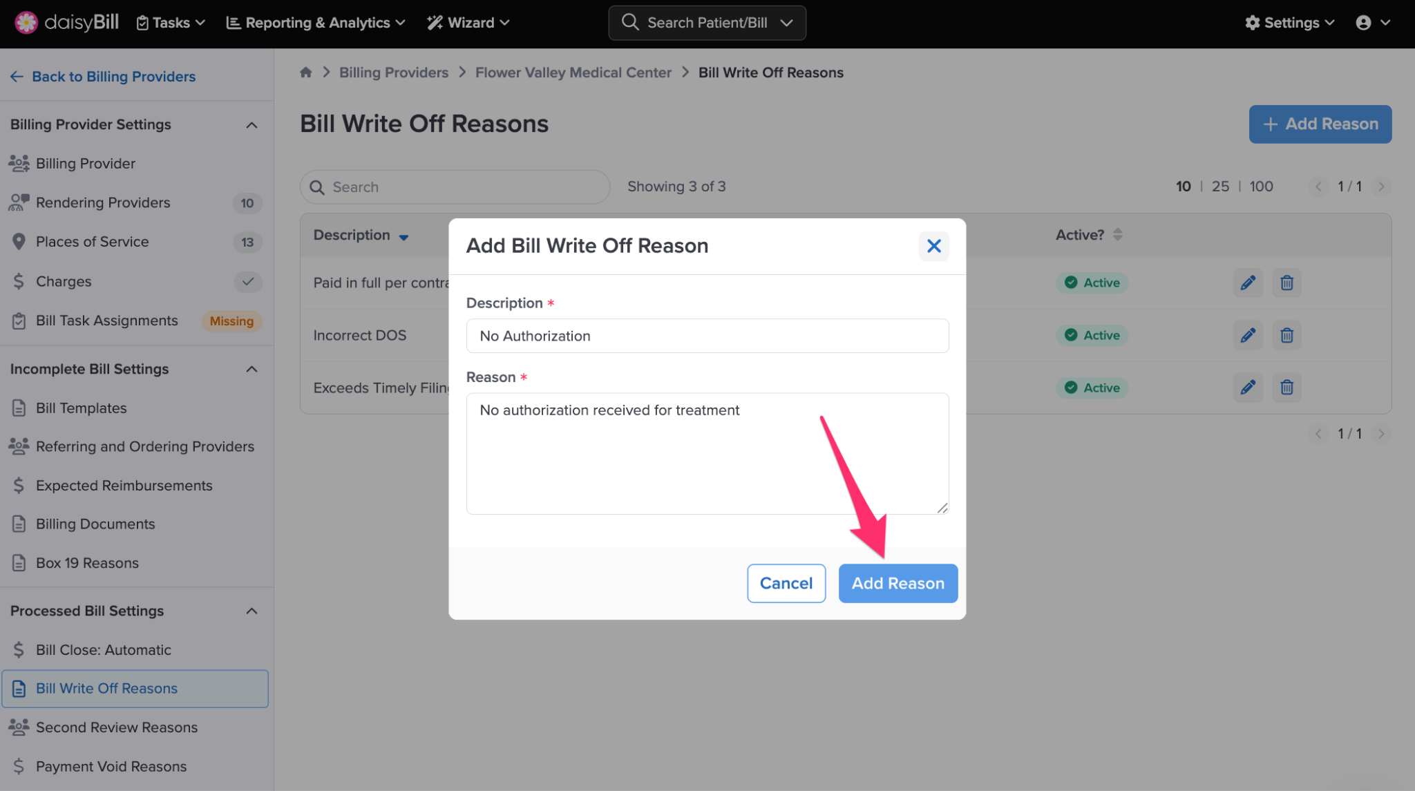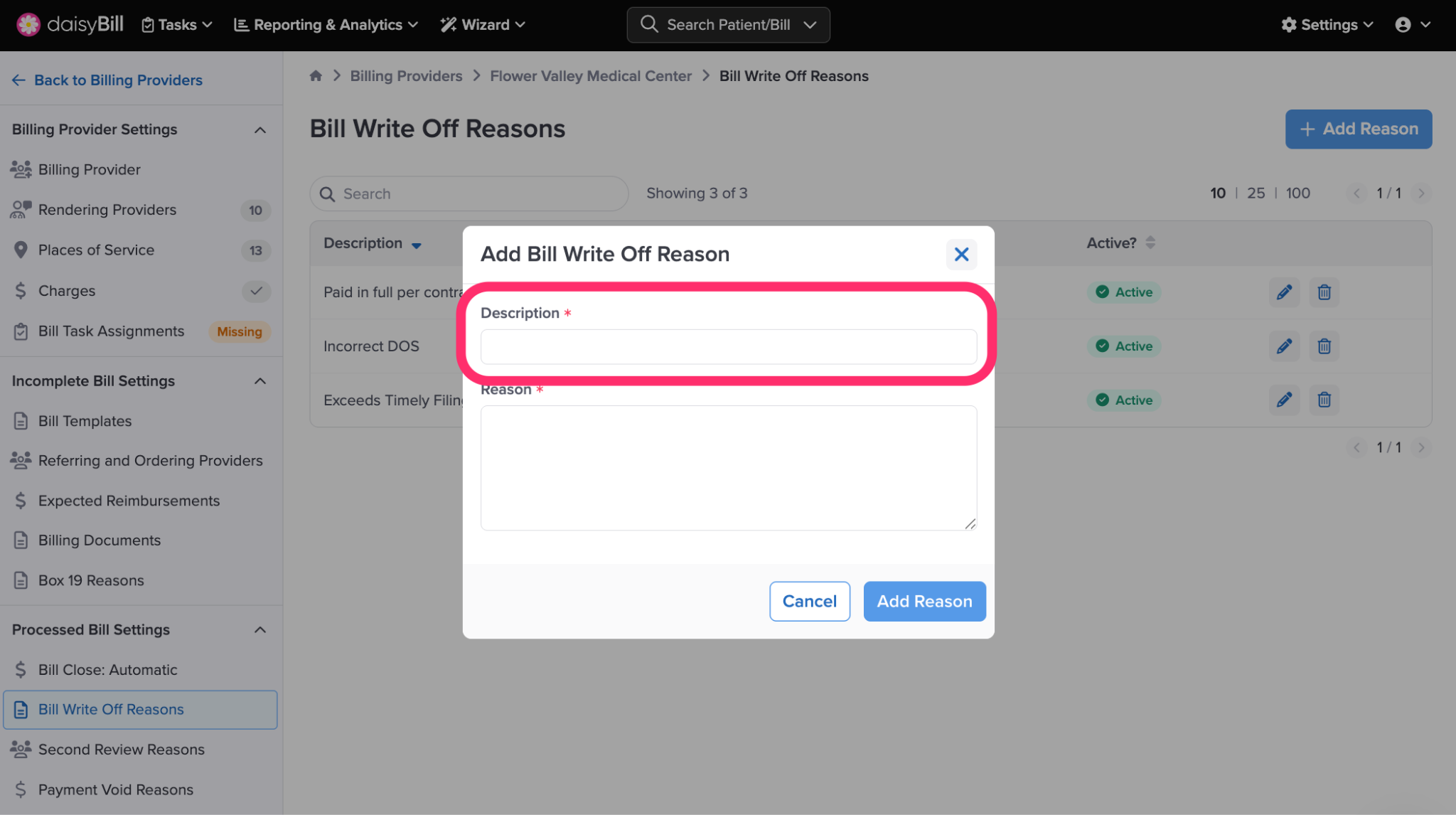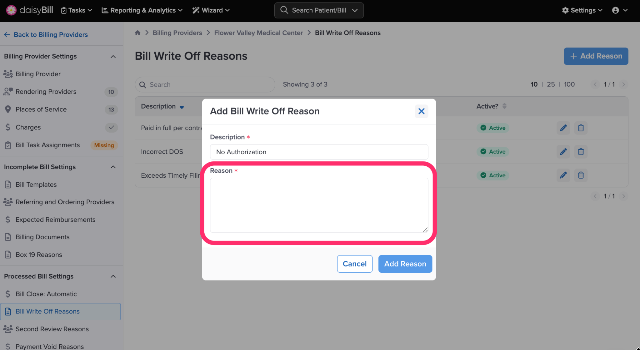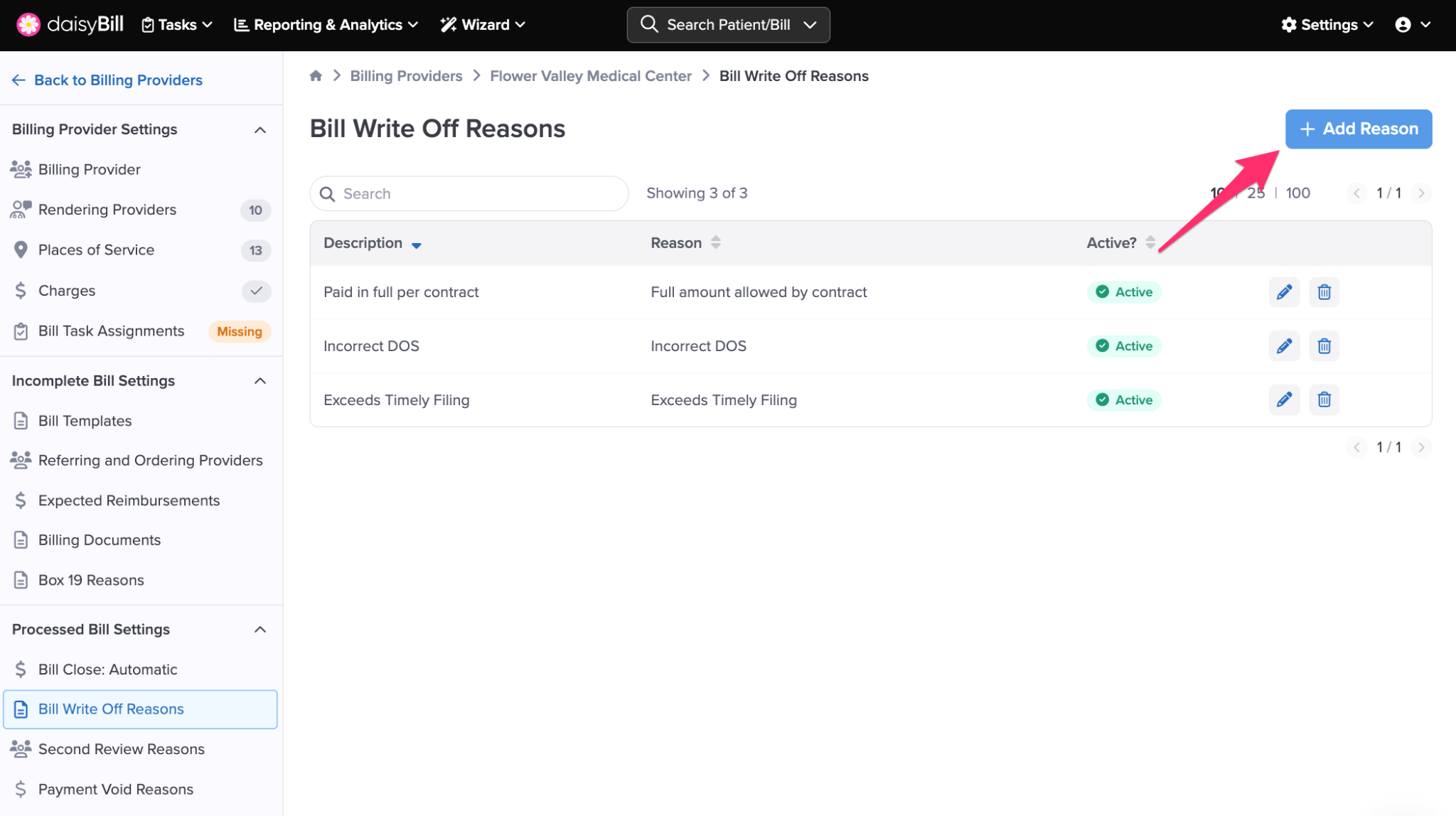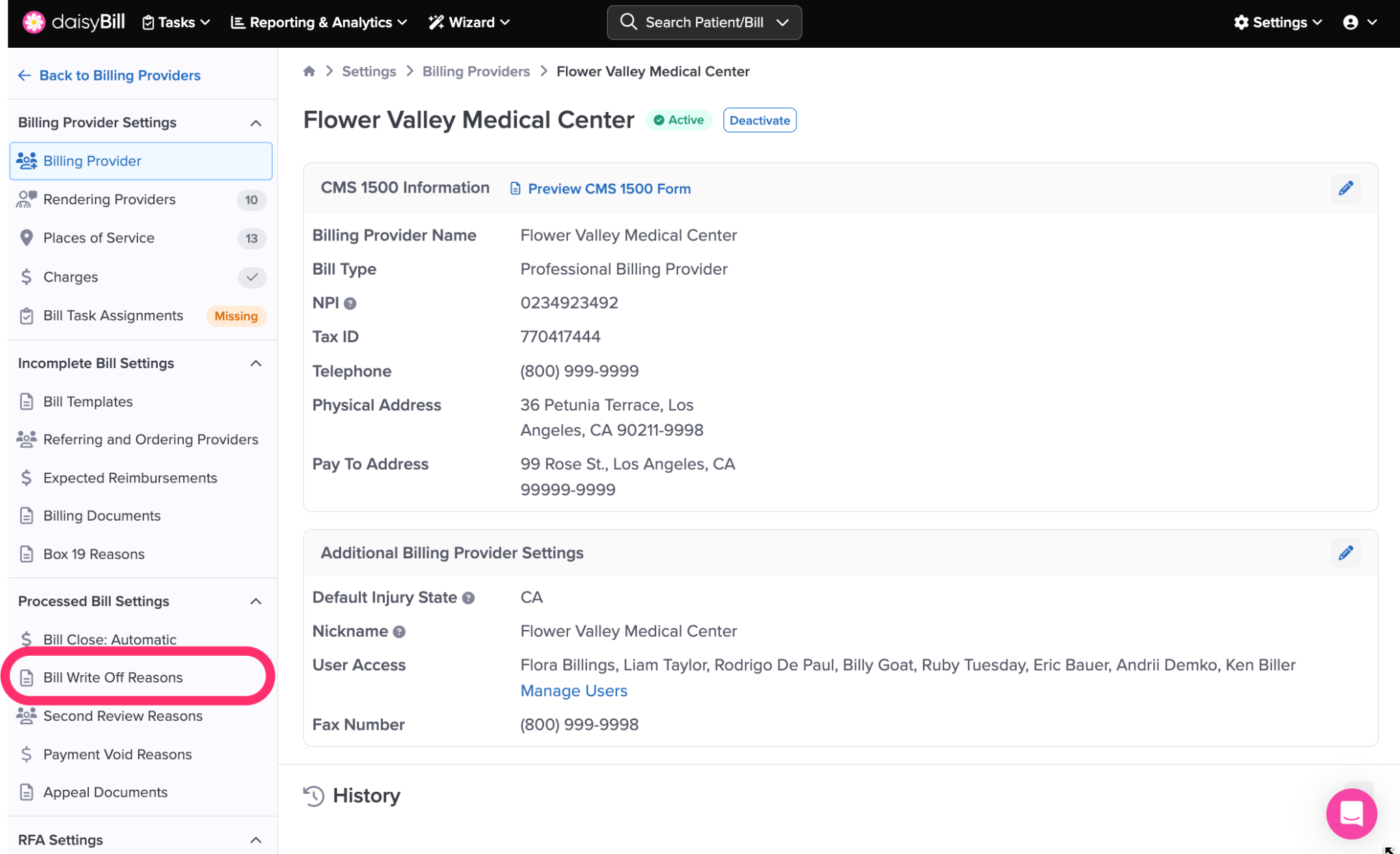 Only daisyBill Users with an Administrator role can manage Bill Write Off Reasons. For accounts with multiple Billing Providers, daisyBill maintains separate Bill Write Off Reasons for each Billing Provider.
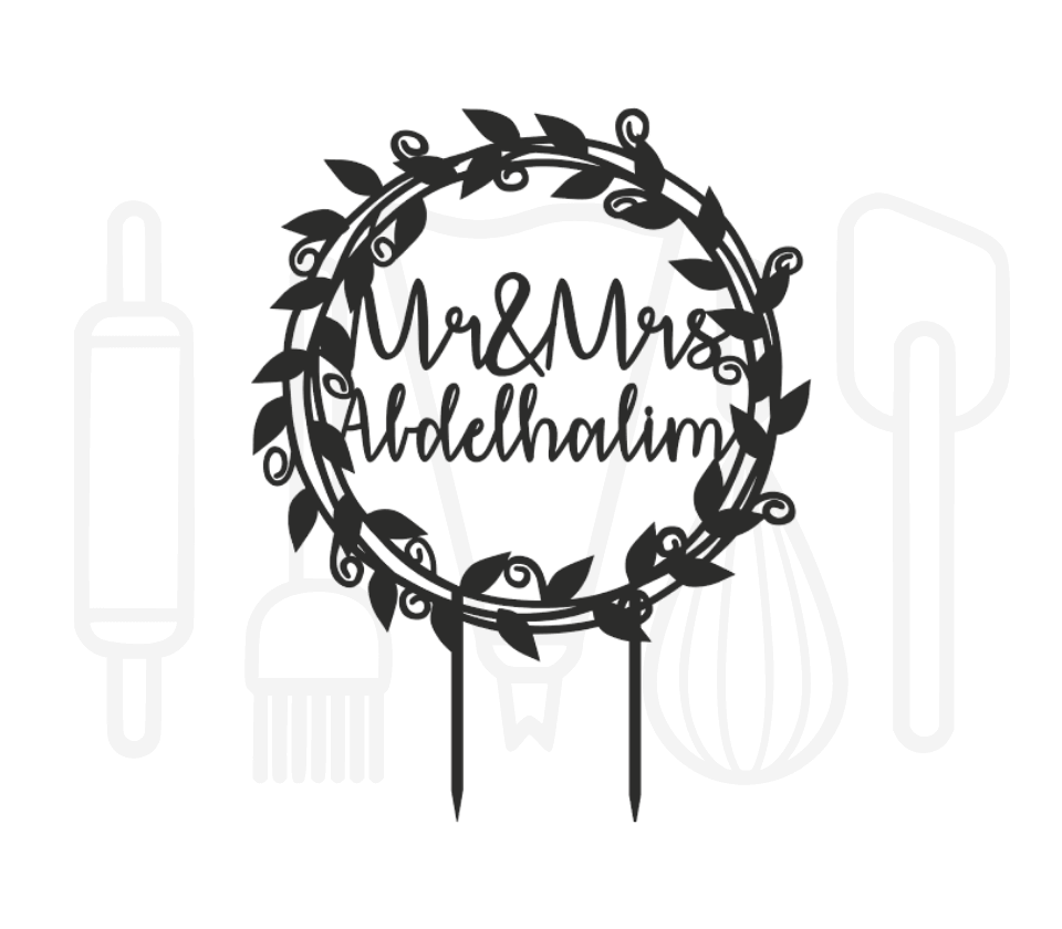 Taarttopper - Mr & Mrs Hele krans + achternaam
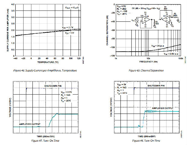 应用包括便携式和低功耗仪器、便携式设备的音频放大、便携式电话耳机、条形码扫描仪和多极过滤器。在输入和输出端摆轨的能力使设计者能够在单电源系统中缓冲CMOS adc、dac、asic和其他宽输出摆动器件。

=== Task details ===
Copy out every line of the material above precisely, omitting the pictures.

=== Answer to this exercise ===
 Only daisyBill Users with an Administrator role can manage Bill Write Off Reasons. For accounts with multiple Billing Providers, daisyBill maintains separate Bill Write Off Reasons for each Billing Provider.
 Taarttopper - Mr & Mrs Hele krans + achternaam
 应用包括便携式和低功耗仪器、便携式设备的音频放大、便携式电话耳机、条形码扫描仪和多极过滤器。在输入和输出端摆轨的能力使设计者能够在单电源系统中缓冲CMOS adc、dac、asic和其他宽输出摆动器件。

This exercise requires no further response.